A federal appeals court has rejected a lawsuit filed by the American Tort Reform Association that challenged a small but important slice of wording in OSHA’s revised hazard communication standard.
The association asked the court to review Paragraph (a)(2) of the revised standard, which OSHA modified to explain that its chemical-labeling regulations do not preempt failure-to-warn claims filed in state courts. The association asserted that OSHA overstepped its legal authority and violated the Administrative Procedure Act by modifying the paragraph.
The U.S. Court of Appeals for the District of Columbia Circuit did not agree, denying the association’s challenge in a Dec. 27 decision.
Leah Nicholls, an attorney with the public-interest law firm Public Justice, hailed the decision as a victory for workers who are injured as a result of mislabeled chemicals.
“The court’s opinion is great news for those who want to hold chemical manufacturers liable for injuries to employees,” Nicholls said in a blog post.
OSHA updated its hazard communication standard in March 2012 to sync it with the United Nations’ chemical-labeling system.
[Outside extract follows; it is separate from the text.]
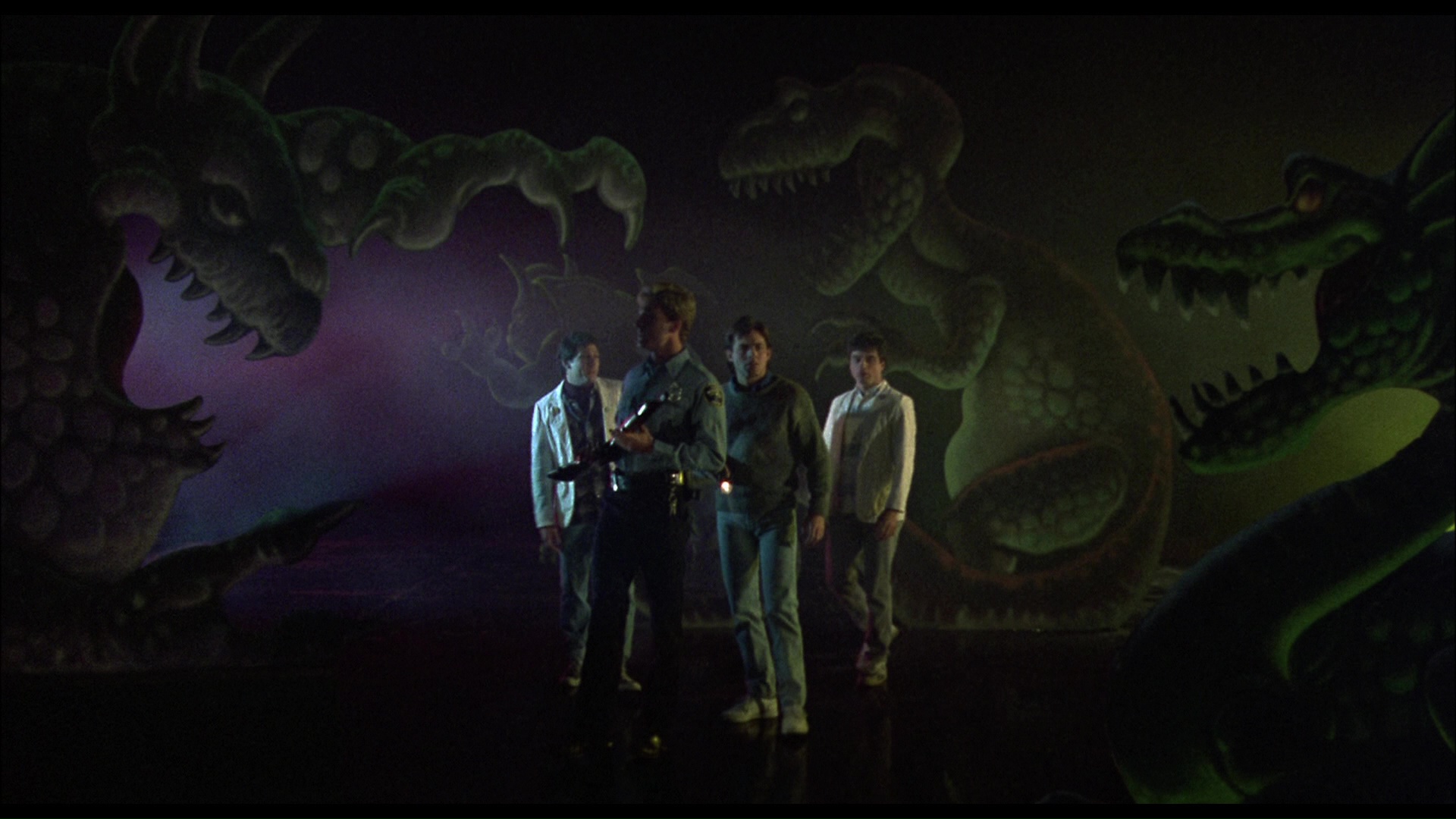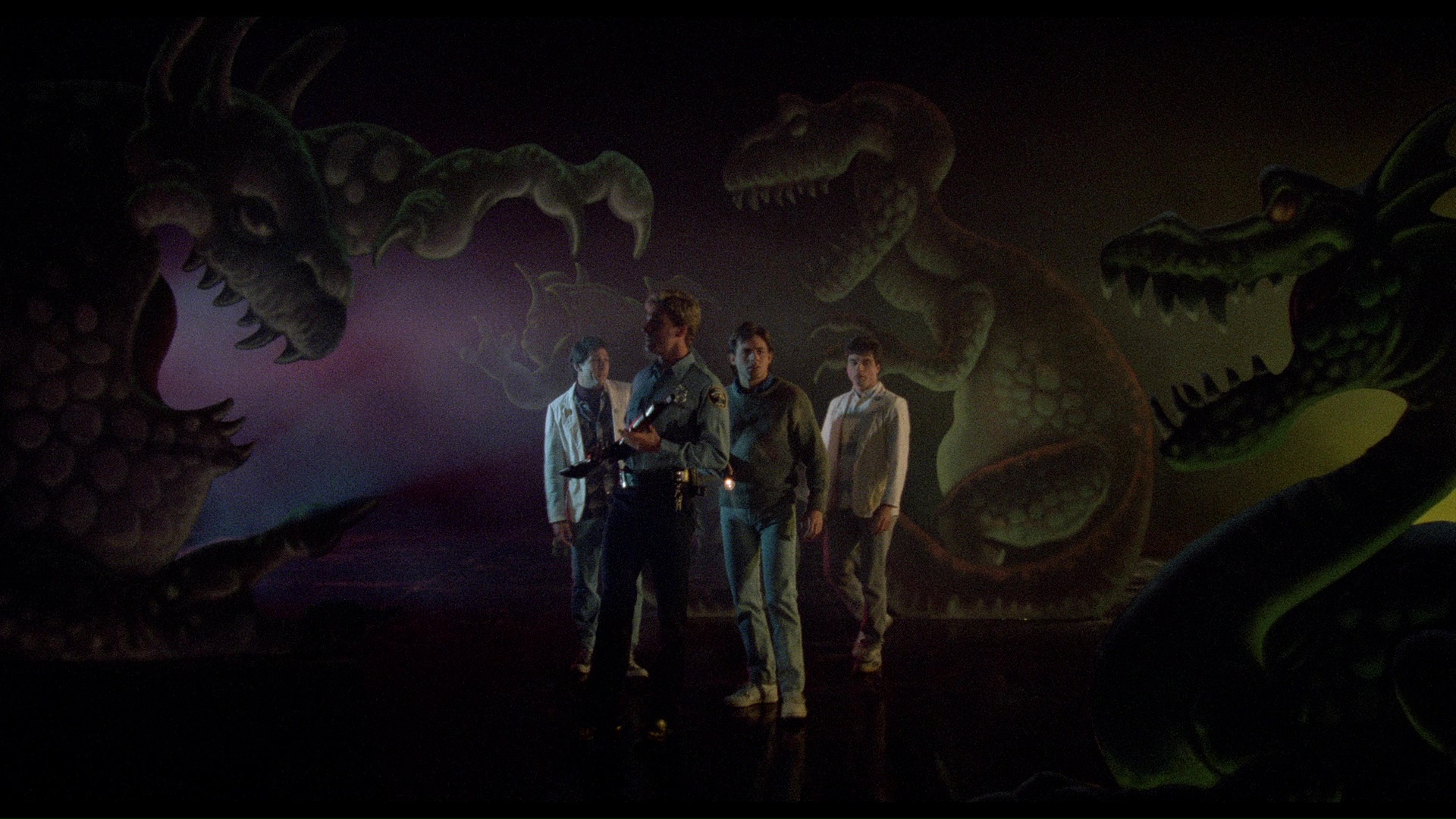 The original commentary is ported over along with (in the "Killer Interviews" section) all of the featurettes from the earlier MGM and Arrow editions apart from "Earliest Films," which is replaced here with all of those silent Super 8 and standard 8mm films and more in their entirety as separate extras: 1967's Harryhausen-inspired "Land of Terror" (7m38s), 1968's suburban monster tale "Beast from the Egg" (7m26s) with optional commentary, 1970's jungle buddy tale "Africa Danny" (16m58s), 1971's "Eskimo" (7m3s), 1972's giant crab gumbo "Sludge Grubs" (6m54s), and 1974's dinosaur cereal prize sketch "Free Inside" (12m20s). The bloopers, auditions, trailer, and two deleted scenes are also here in the main extras menu. Dickies fans will rejoice with "Let the Show Begin" (10m38s), featuring original band members Leonard Graves Phillips and Stan Lee chatting about the musical influences on their iconic theme song, their origins as a San Fernando garage band, and the tune's release as a non-punk EP that elicited either love or confusion at the time. They also note that they have a song written for the long-promised sequel, should that ever come to pass. "The Chiodos Walk Among Us" (23m41s) essentially takes an updated, more extensive look at their playful early monster movie creations, including some bits of test footage and character designs never seen before, while "Behind the Screams with the Chiodo Brothers" (29m54s) is a fun, raw VHS reel of production footage from the shoot. Four expanded galleries are tucked in featuring stills, behind-the-scenes production shots, very cool concept art, and storyboards. The reversible sleeve design also features striking new artwork by Sara Deck, which deserves a poster release of its own.

Once fully implemented, the agency estimates that the updated standard will prevent 585 injuries and illnesses and 43 deaths each year.
In the process of revising the standard, OSHA amended introductory Paragraph (a)(2) “to clarify that although state and local statutes, regulations and ordinances were preempted by – that is, they could not exist side-by-side with – federal regulation, state common-law claims about chemical labeling were not,” Nicholls explained in her blog post.
“OSHA endorses the ability of employees injured because of inadequate chemical labeling to sue under state law to get damages for their injuries and, importantly, to prevent the same injuries from happening to other employees,” Nicholls said. “The fact that the D.C. Circuit held that OSHA’s endorsement stands will help persuade other courts that the existence of federal regulations does not prevent people from suing under state laws.”
However, she pointed out that “courts are still free to conclude that the existence of federal regulations means that no state-law claims can be brought.”
“Battles here will remain,” Nicholls asserted.